On keys, trust, and webs Posted Oct 6, 2011 20:19 UTC (Thu) by droundy (subscriber, #4559) [Link]
The combination of name with email address, however, is usually unique. In cases of doubt, it's usually not hard to check that a person can receive an email sent to the address they claim. Of course, if this isn't actually done, then it does add a factor of doubt to key-signing parties. In many cases (where people already know each other online) it isn't hard to establish that the email address corresponds to the person.
On keys, trust, and webs Posted Oct 6, 2011 20:39 UTC (Thu) by liw (subscriber, #6379) [Link]
For verifying that a key and it's e-mail address belong together, the caff tool is useful: http://pgp-tools.alioth.debian.org/
On keys, trust, and webs Posted Oct 7, 2011 6:16 UTC (Fri) by ringerc (subscriber, #3071) [Link]
I've been a stickler for proper identity verification and secure repository access since I spent several years managing the Scribus CVS (later svn) repository.
Unfortunately, then and now most people view my insistence on using crypto and on proper key management as kind of weird, paranoid, and an unnecessary hassle. That's despite REPEATED high-profile breaches over the years, and plenty of evidence that smaller operators are hardly safe either.
I'll be pleased if the kernel.org folks can overcome this sort of attitude, but I don't rate their chances. People will be creating infinite-expiry GnuPG keys without revocation certs then failing to back them up. Others will forget to push updated keys at expiry time. Most people won't bother signing mail and won't bother to deal with signed mail they receive once they break their key - which they'll do sooner rather than later. One or more people will have to spend a LOT of time hand-holding with basic GnuPG key management, etc. Yes, even with kernel developers; if running a repo taught me one thing it was that programming skills do NOT necessarily translate to even basic abilities/interest when it comes to mail client config, crypto setup, backups, etc.
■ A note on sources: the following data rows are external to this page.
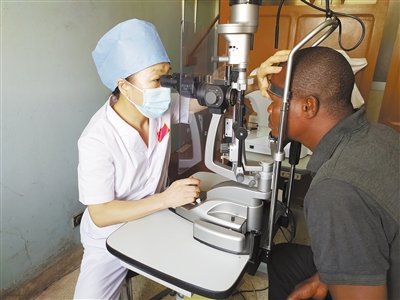 中國專家正在為貝寧當(dāng)?shù)鼗颊哌M(jìn)行眼科檢查。
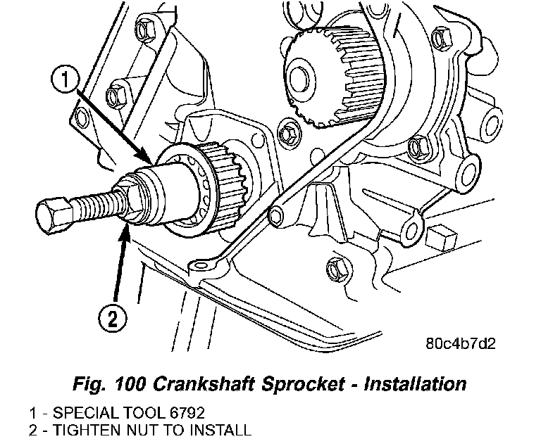 1. Install crankshaft sprocket using Special Tool 6792 (Fig. 100).
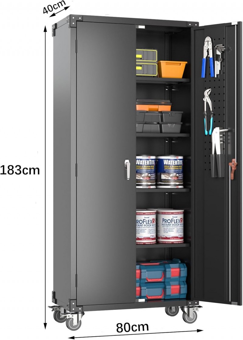 Metallschrank Stahlschrank Messeschrank Wertschrank auf Rädern Pegboard abschließbar 4 höhenverstellbare Böden Stahlblech Pulverbeschichtung abschließbar
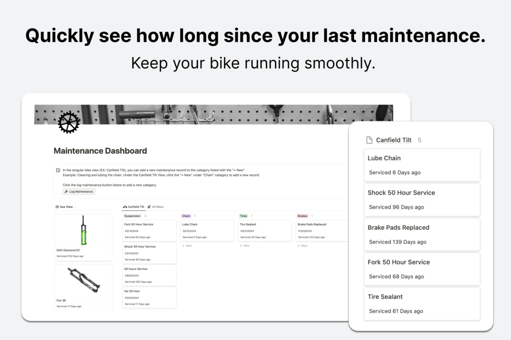 Whether you have 1 bike or 10, keep track of your bikes and their components in one place. -
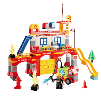 145颗粒消防局积木大颗粒警察局套装积木消防车系列儿童益智玩具男孩子3-6周岁1626-1
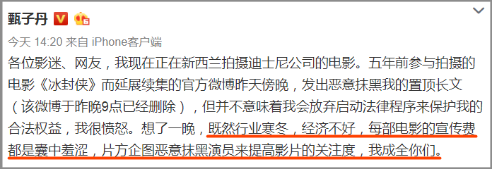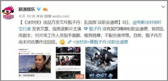 出品方在电影官方微博里发表的diss长文,直接点名甄子丹,斥他没职业道德和契约精神,并仿效赵丽颖的“官宣”,把文章简命名为:官撕。
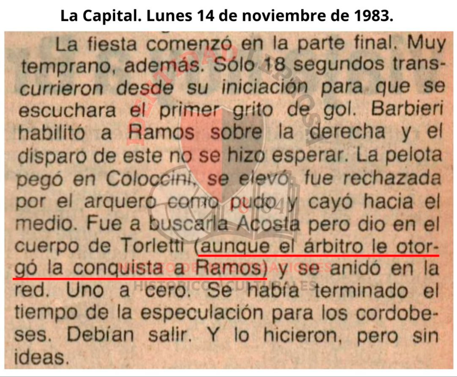 (*) En un revisionismo histórico de gran calidad en el año 2015, se identificó un posible gol en contra del 13/11/1983 ante Racing de Cba en el partido disputado en la fecha 29 del Metro 1983 lo que llevaría a 103 los goles de Victor Ramos. De acuerdo a las diversas crónicas, es posible que el remate de Ramos se haya desviado en un jugador rival antes de llegar al arco y el arquero la rechazó como pudo, enviándo la pelota al medio del area para luego pegar en el cuerpo de Torletti y meterse en el arco. Pero también hay crónicas y relatos del público presente en el estadio, que advierten que la pelota pudo haber traspasado la linea de cal antes que el arquero la despeje con los puños, ya que el movimiento del portero fue hacia atrás. Por lo tanto, ante la duda, lo primero que uno se pregunta es que informó el Juez del partido Barraza. Pues bien, el árbitro del partido le dió el gol a Condorito Ramos y ante la falta de un registro fílmico, desde este medio partidario, consideramos que las crónicas parciales de la época no son material suficiente para modificar la decisión del árbitro 32 años más tarde y tampoco para cambiar un dato histórico e institucional tan arraigado y en desmedro de los 104 goles de nuestro máximo goleador histórico.
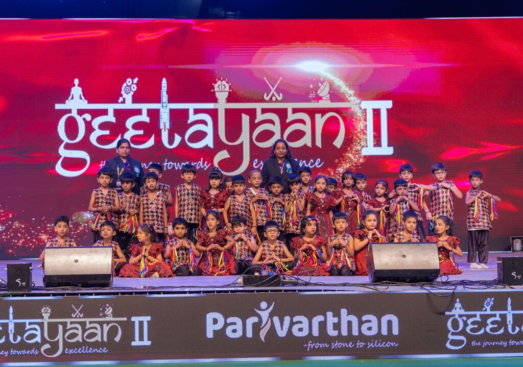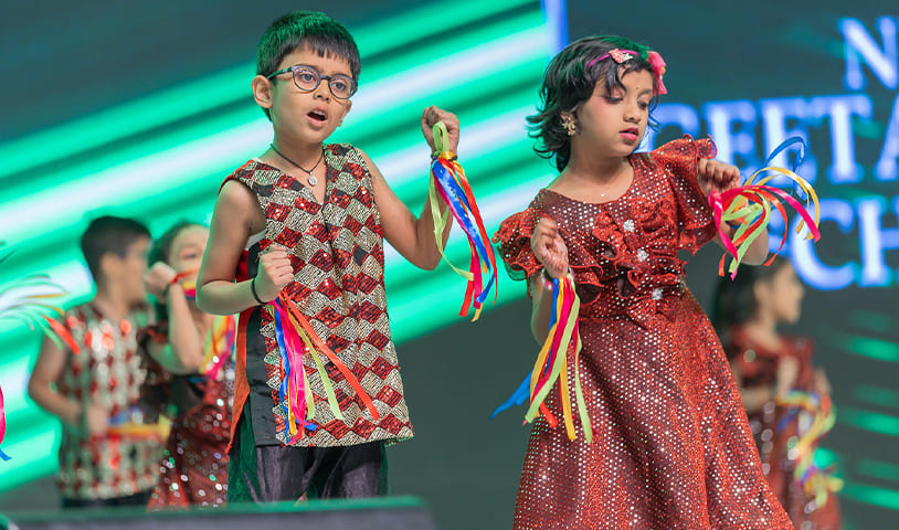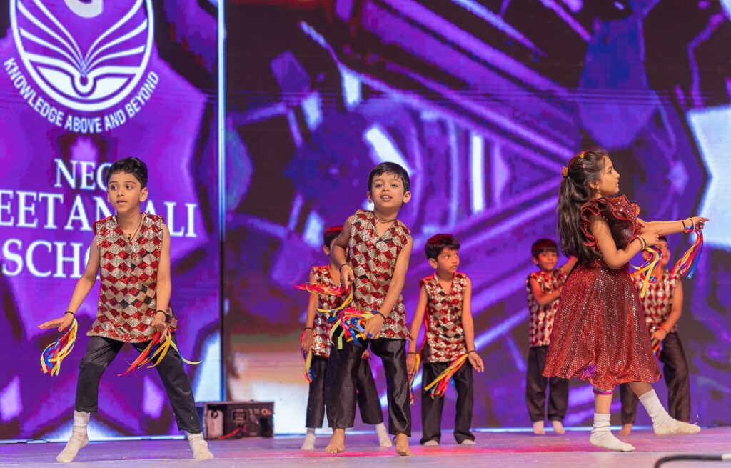 Tiny voices and bright smiles filled the stage as our Grade-1 students joyfully presented the “Enjoying Life” song during the Annual Day Celebrations 2025 at Neo Geetanjali Schools. Their cheerful expressions, innocent enthusiasm, and lively performance won everyone’s hearts. 🌈👏
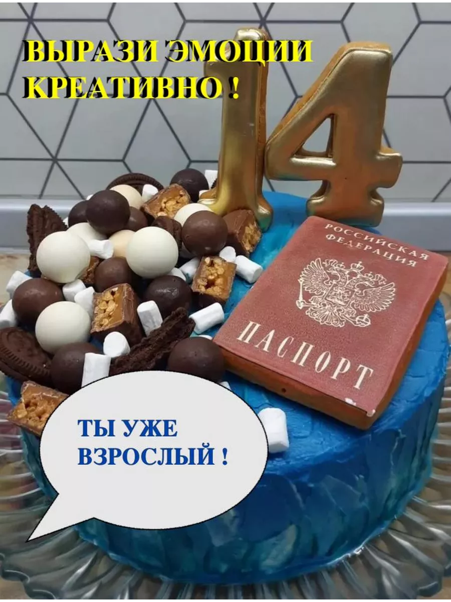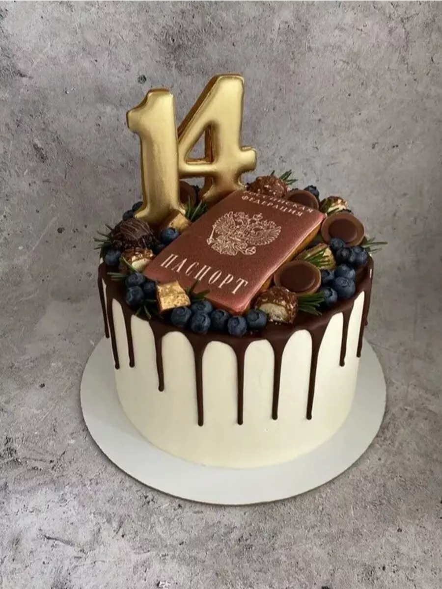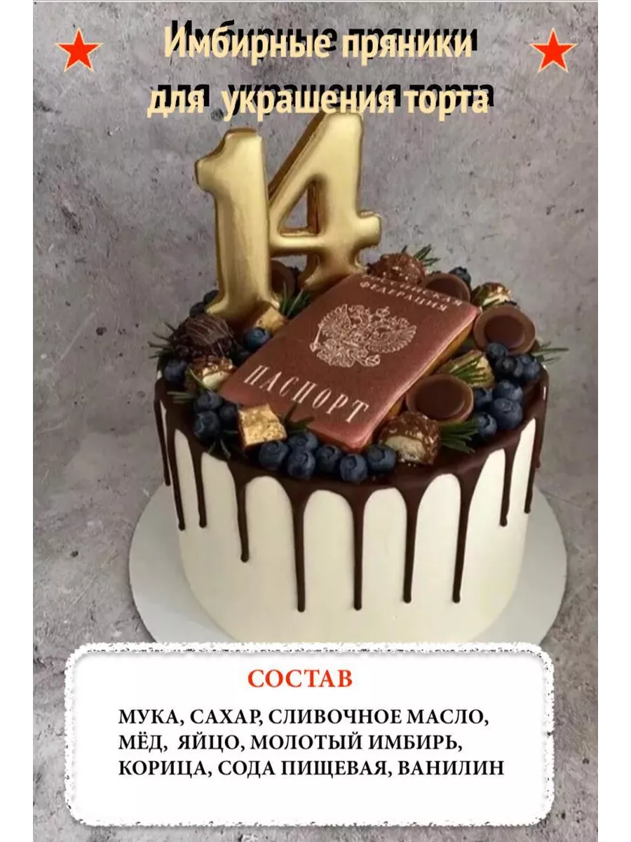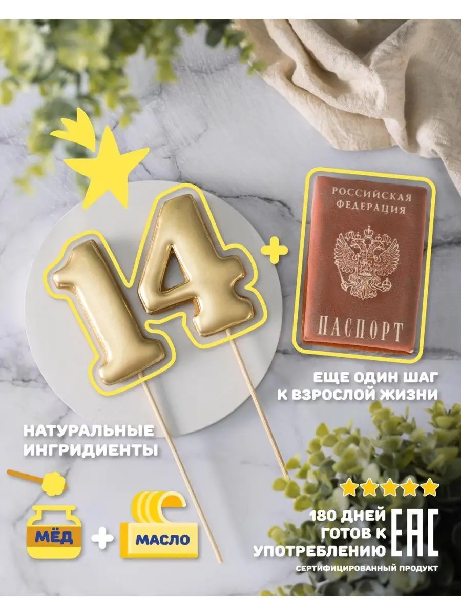 Набор съедобных украшений на торт из трех пряников в виде золотых цифр и фигурки в форме паспорта РФ на палочке, сделанные только из натуральных ингредиентов, точно понравится вашему любимому сыну или дочери, и останется в его памяти на долгие годы. Ведь 14 лет - это особенный момент в жизни ребенка. Пряники из нашего комплекта помогут сделать День рождения девочки и мальчика особенным и запоминающимся, каждый из них - это вкусное угощение и оригинальный сувенир. Это не только сладости, но и оригинальное дополнение к другим подаркам. Ваш ребенок будет в восторге от их неповторимого вкуса и запаха, а также останется счастливым владельцем оригинального и уникального подарка на свой День рождения. Мы обновили упаковку, которая сохранит кондитерское изделие при транспортировке до Вашего праздничного стола. Уверены, Вы останетесь довольны нашим украшением для торта!

Too many people see all this stuff as annoying bureaucratic crap they want to go away so they can get back to coding. With that attitude, security will always be sloppy and a hassle.
Best-practice GUI Posted Oct 7, 2011 7:01 UTC (Fri) by Cato (subscriber, #7643) [Link]
Maybe someone could write a simple GUI that encodes best practices for key management with a number of wizards - the idea being that even expert developers are lacking in time and could do with some automated step by step help to do things properly. It could be as simple as a Python application using the Wx framework, wrapped around GPG, and would work on various platforms quite easily.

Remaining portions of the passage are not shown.